U kunt ervoor kiezen om de afzonderlijke beleidsregels uit het voorgaande beleidsinitiatief te gebruiken om één actie op schaal uit te voeren. Als u bijvoorbeeld alleen de agent automatisch wilt installeren, gebruikt u het tweede agentinstallatiebeleid uit het initiatief, zoals wordt weergegeven.

Gedeeltelijke schermopname van de pagina Azure Policy-definities met beleidsregels die zijn opgenomen in het initiatief voor het configureren van de Azure Monitor-agent.

Herstel

De initiatieven of beleidsregels zijn van toepassing op elke virtuele machine wanneer deze wordt gemaakt. Met een hersteltaak worden de beleidsdefinities in het initiatief geïmplementeerd voor bestaande resources, zodat u Azure Monitor Agent kunt configureren voor alle resources die al zijn gemaakt.

Wanneer u de toewijzing maakt met behulp van Azure Portal, hebt u de mogelijkheid om tegelijkertijd een hersteltaak te maken. Zie Niet-compatibele resources herstellen met Azure Policy voor meer informatie over het herstel.

Schermopname van initiatiefherstel voor Azure Monitor Agent.

Veelgestelde vragen

In deze sectie vindt u antwoorden op veelgestelde vragen.

Welke invloed heeft het installeren van de Azure Arc Verbinding maken ed Machine-agent op mijn niet-Azure-machine?

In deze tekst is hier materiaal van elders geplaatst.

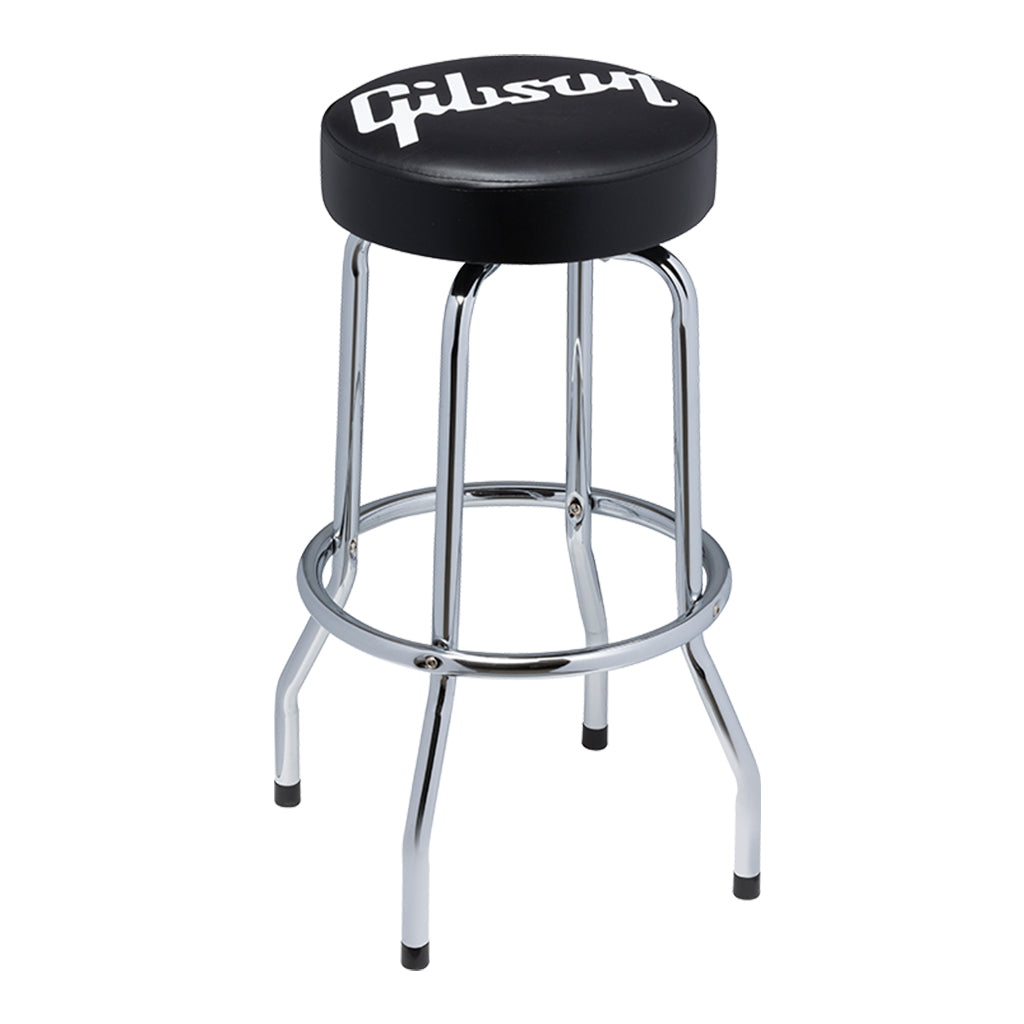 This 30 high playing stool, adorned with the Gibson logo, features a comfortable, padded vinyl seat that swivels through 360 degrees. The classic barstool-style tubular steel legs have a chrome finish, and the stool has a foot ring for added comfort.
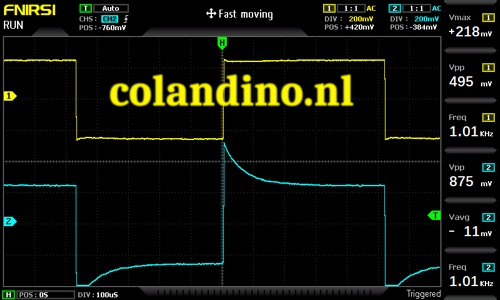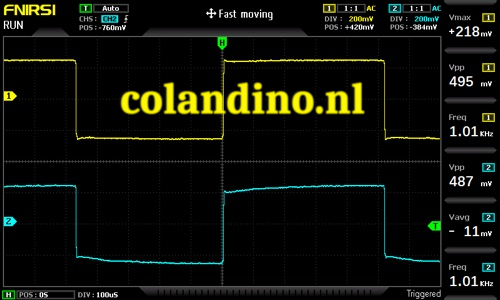 De FNIRSI 1014D oscilloscoop werkt op verschillende manieren anders dan mijn oudere oscilloscopen. Om te beginnen is hij veel minder gevoelig dan mijn Tektronix 2211 of B&K 1472. Voor elke meting waarbij de belasting van het te meten circuit belangrijk is, dat wil zeggen elk circuit met een impedantie van ruim boven de 1000 ohm of een frequentie van ruim boven de 100 kHz, moet je X10-probes gebruiken om een voldoende klein belastingseffect te hebben om het circuit niet te verstoren. Dat betekent dat je meestal X10-probes moet gebruiken. Met de maximale gevoeligheid van 50 mV/div en de 10x-probe van de FNIRSO produceert een 500 mV-signaal slechts één deling op het scherm en is er bij die gevoeligheid sprake van ruis.
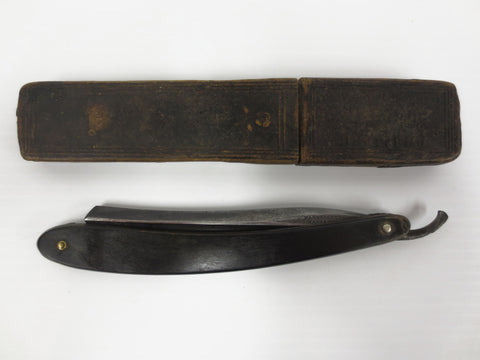 Antique Wade and Butcher Sheffield England 7/8 hollow ground straight razor for barber's use. Blade is intact, has no rust and is still sharp. Its tang has a hallmark and the blade has a massive spine. Horn handle is sturdy and in good condition. It measures 10 inches open. Found in a beautiful Sheffield box with embossed flowers. Box is still very sturdy.

Er is geen invloed op de machine nadat de Azure Arc Verbinding maken ed Machine-agent is geïnstalleerd. Het maakt nauwelijks gebruik van systeem- of netwerkbronnen en is ontworpen om een lage footprint te hebben op de host waar deze wordt uitgevoerd.

Volgende stappen

Maak een regel voor gegevensverzameling om gegevens van de agent te verzamelen en naar Azure Monitor te verzenden.